23. A method according to claim 22 further comprising the step of providing from 2 to

1000 individual polymer fibres in the form of a bundle of fibres, wherein the bundle of polymer fibres comprises a cross-sectional diameter between about 150 to 1000 micrometers, optionally further comprising the step of winding or twisting at least some of the plurality of polymer fibres around other fibres to form a yarn or a braid.
24. A method according to any one of claims 22 to 23 wherein the implantable scaffold is in the form of a synthetic ligament, or in the form of a synthetic tendon.

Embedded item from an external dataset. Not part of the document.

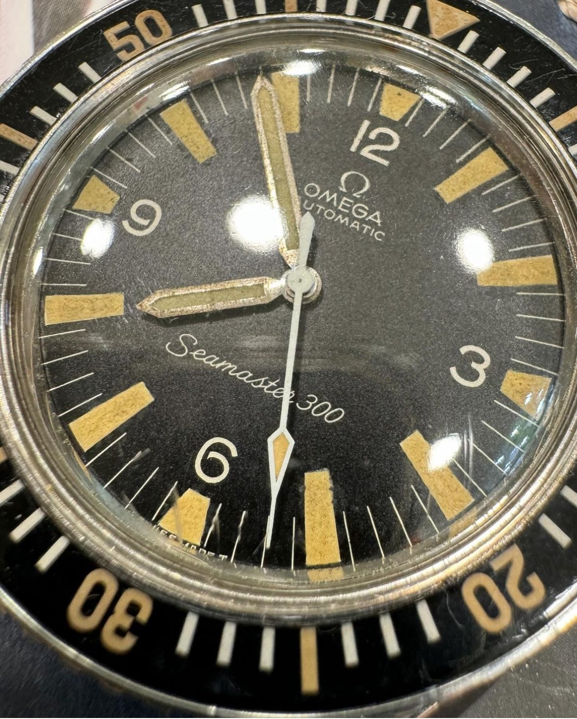 - Dial: has the pinholes on 12 and 6 markers. Lume patina seems evenly distributed. 3-6-9 font appears to be correct.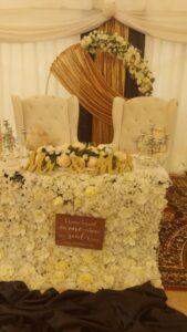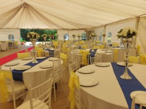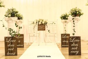 AllEvents GalleryRestaurant GalleryNursery GalleryCatering Gallery Wedding Décor Wedding Setup Wedding Table Setup Bride & Groom Seats White & Blue Décor Isle Setup

25. A method according to any one of claims 22 to 24 wherein the hydrogel-forming polymer is polyvinyl alcohol having a molecular weight between about 80,000 and about 100,000 g/mol.
26. A method according to any one of claims 22 to 25 further comprising the step of providing a cell adhesion promoter comprising gelatine at a concentration between about 0.1 wt% and about 10wt%.
27. A method according to any one of claims 22 to 26 wherein the biocompatible ceramic material is Hardystonite (Ca₂ZnSi₂O₇) doped with Sr, Mg or Ba, preferably strontium-doped Ca₂ZnSi₂O₇.
28. A synthetic implantable scaffold prepared by the method according to any one of claims 22 to 27.
29. A method of partial or full tendon or ligament repair in a patient comprising implantation of a synthetic implantable scaffold according to any one of claims 1 to 21.
30. Use of a synthetic implantable scaffold according to any one of claims 1 to 21 in the manufacture of a medicament for partial or full tendon or ligament repair in a patient.